Author: Leiby, Richard
Date: Sep 29, 1994
Start Page: d.07
Section: STYLE

The new issue of Wired magazine declares that the big on-line services have been rendered obsolete by Mosaic, a "graphical browser" that anyone can download for free. But that prediction's a bit heavy on the hype. Sure, it's a blast to access video and sound files in a point-and-click fashion, but for most of us, setting up Mosaic is an act of techno-self-flagellation. Even experienced programmers, like the ones at Quantum Research Corp. in Bethesda who initiated me into the mysteries of Mosaic, encountered a bugfest as we surfed the Web with top-of-the-line hardware.

"Mosaic tends to be unstable because it's freeware," explained John Lewis, 25, as the Mac's screen froze yet again. This time we were attempting to download an exclusive audio file from Madonna, who's been plugging her forthcoming album, "Bedtime Stories," all over the 'Net. (Eventually, we accessed her new, nose-ringed album cover photo and lispy come-on: "Hello, all you cyber-heads. Welcome to the '90s version of intimacy: You can hear me, you can even see me, but you can't touch me!" And, boy, were we glad.)

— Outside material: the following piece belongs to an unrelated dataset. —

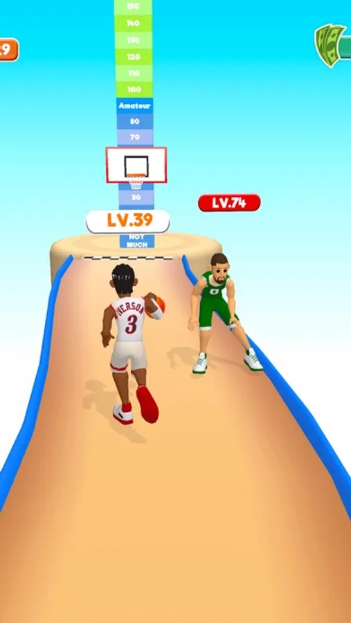 Level up the basketball player to reach the high as legends. In order to level up your basketball career, avoid higher-level enemies and remember to beat the lower-level enemies!
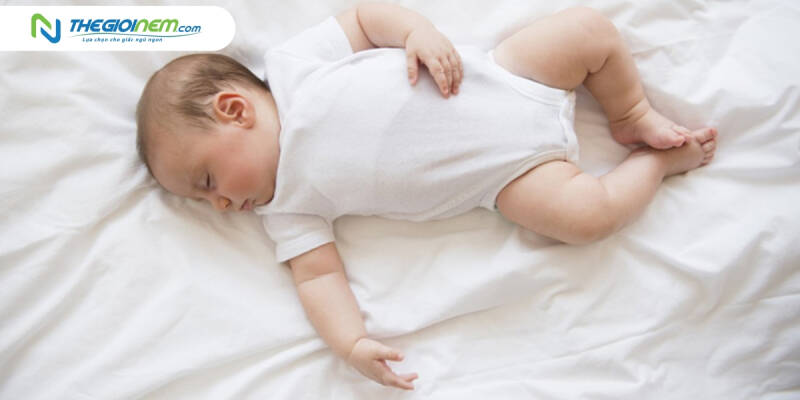 Trẻ nằm ngửa, tức là nằm trên lưng với cả hai chân thẳng. Đây là tư thế thông thường mà nhiều trẻ thích. Để đảm bảo thoải mái và an toàn, trẻ nên nằm trên một chiếc giường hoặc nệm mềm.

Mosaic has more educational applications, of course. You can browse great museum collections, visit the Library of Congress, dissect a frog, marvel at the publicity still of the guy who runs the National Science Foundation. In his spare time, Lewis has designed the Space Activism Home Page (, which provides updates on such legislative issues as private mining on the moon, and offers links to NASA archives. He showed me a brief video clip that depicted the space shuttle docking at Space Station Alpha. "It's our movie now," he said, downloading it from NASA in seconds, demonstrating how truly free the World Wide Web is.